Geriye doğru adımladım, ama yanımdaki adam beni durdurdu ve işaret parmağını ağzına götürerek ‘Sus!’ işareti yaptı. Ben susmazsam onlar beni sustururlardı zaten! Gördüklerim karşısında midem altüst olmuştu ve ben durdurmayacağım bir ana gelmiştim sanki! birden öğürmeye başladım ve başımda dönüyordu. Adam beni silkeledi, kollarımı sıktı.
“Sus diyorum! Şimdi sıra sana gelecek!”
İç sesim ‘bir yolunu bul! sikeyim bu işi, ne bakıyorsun! topukla buradan’ diyordu. O geniş omuzlu iri adam! silahı belinden çıkarıp adamın başına doğrulttu ve ateşledi. Hemde hiç düşünmeden! Bir an bile!
Biraz önceki adamı, Sinan dedikleri adamı! öldürdüler!
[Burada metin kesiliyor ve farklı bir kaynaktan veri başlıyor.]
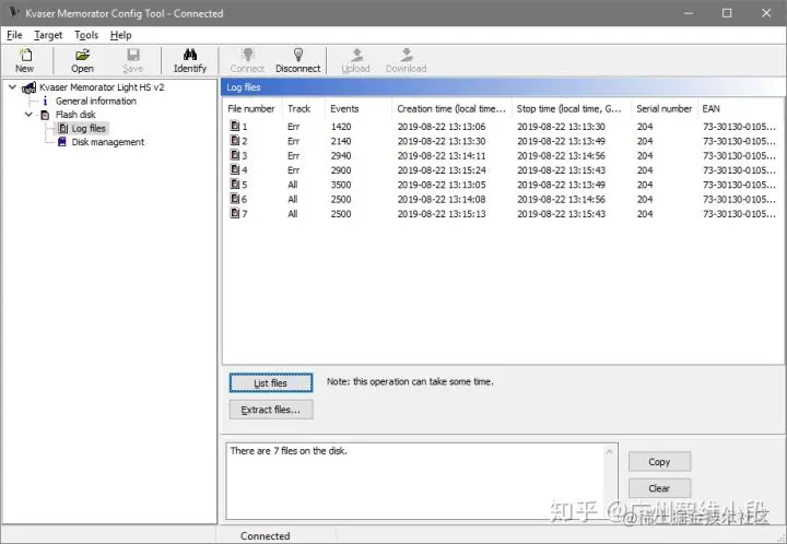 将Kvaser Memorator Light HS v2连接到Kvaser Memorator配置工具时,每个记录文件都会被标记为存储“Err(错误帧)”或“All(所有报文)”,依据该记录文件来自哪一个缓存。

Gözlerimin önünde… kafasına iki el ateş ederek, hemde iki el ateş ederek!
Aman Allah’ım!
Cinayeti işleyen Adam Hızlı bir hareketle arkasına döndü ve yanıma gelerek silahı bu defa benim başıma dayadı. Gözlerimin içine baktı. O an da bildiğim duaları okumam gerektiğini biliyordum ama hiçbiri ezberime gelmemişti. Öylece bir an bir birlerimize baktık, ben şuursuz bir bakış atarken onun yüzünde garip bir sırıtışla karışık, kibir vardı. Gözleri karanlık, hemde kap karanlıktı. Ürkütücü ve karanlık!
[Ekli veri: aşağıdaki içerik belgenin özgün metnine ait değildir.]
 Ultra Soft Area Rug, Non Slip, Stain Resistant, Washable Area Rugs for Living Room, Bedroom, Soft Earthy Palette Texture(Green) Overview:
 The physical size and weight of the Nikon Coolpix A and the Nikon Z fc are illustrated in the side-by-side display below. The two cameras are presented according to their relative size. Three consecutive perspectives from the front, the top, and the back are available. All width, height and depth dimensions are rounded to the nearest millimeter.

“kapa gözlerini dizlerinin üzerine çök!“
“neden?”
“az sonra seni, eşşek cennetine gönderi cem de ondan!” dudaklarının kenarında ufak bir sırıtış bu durumdan memnun, keyif alıyor gibi
“iyi de ben size Bişey yapmadım!”
“şahit oldun, yetmez mi?”
‘’ e-ee-eee şey ben!, sadece burayı temizlemek kalmıştı onun için girdim odaya, ondan buradaydım, işte böyle oldu. Giderim şimdi işimde bitti zaten’’ söylediklerimi kendim bile anlamıyordum, inanmıyordum. Şu an şuurumu bile kaybetmiş olabilirdim. Resmen kekeleyerek anlamsız cümleler kuruyordum. Kalbim sanki dört nala koşuyor gibiydi. Karnımda ise bir ağrı. Midemi düşünmek bile istemiyordum.
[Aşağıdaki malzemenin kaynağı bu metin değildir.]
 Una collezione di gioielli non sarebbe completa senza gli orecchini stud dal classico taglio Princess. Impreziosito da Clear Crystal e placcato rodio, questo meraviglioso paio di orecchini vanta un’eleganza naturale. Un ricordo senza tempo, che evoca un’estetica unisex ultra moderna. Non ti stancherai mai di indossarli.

“bu söylediklerine gerçekten kendin inanıyor musun, yani seni bırakacağıma?”
“ben size bir şey yapmadım!”
“kapat çeneni, aynı şeyleri söyleyip durma!”
“Bir şey yapmadım!”
“son duanı et!” öfkeli dişlerinin arasından fısıldayarak söylemişti, şakası yok gibiydi.
Ondan sonrası bende karanlık, sanırım bu fazla heyecana kalbim dayanmamış olacak ki, bayılmışım. Gözümü açtığım da yatak odasında yatıyordum.
Kendime gelmeye çalışırken il olarak ‘oh be! Beni öldürmemiş!’ diye geçirdim içimden. Ne büyük mutluluk!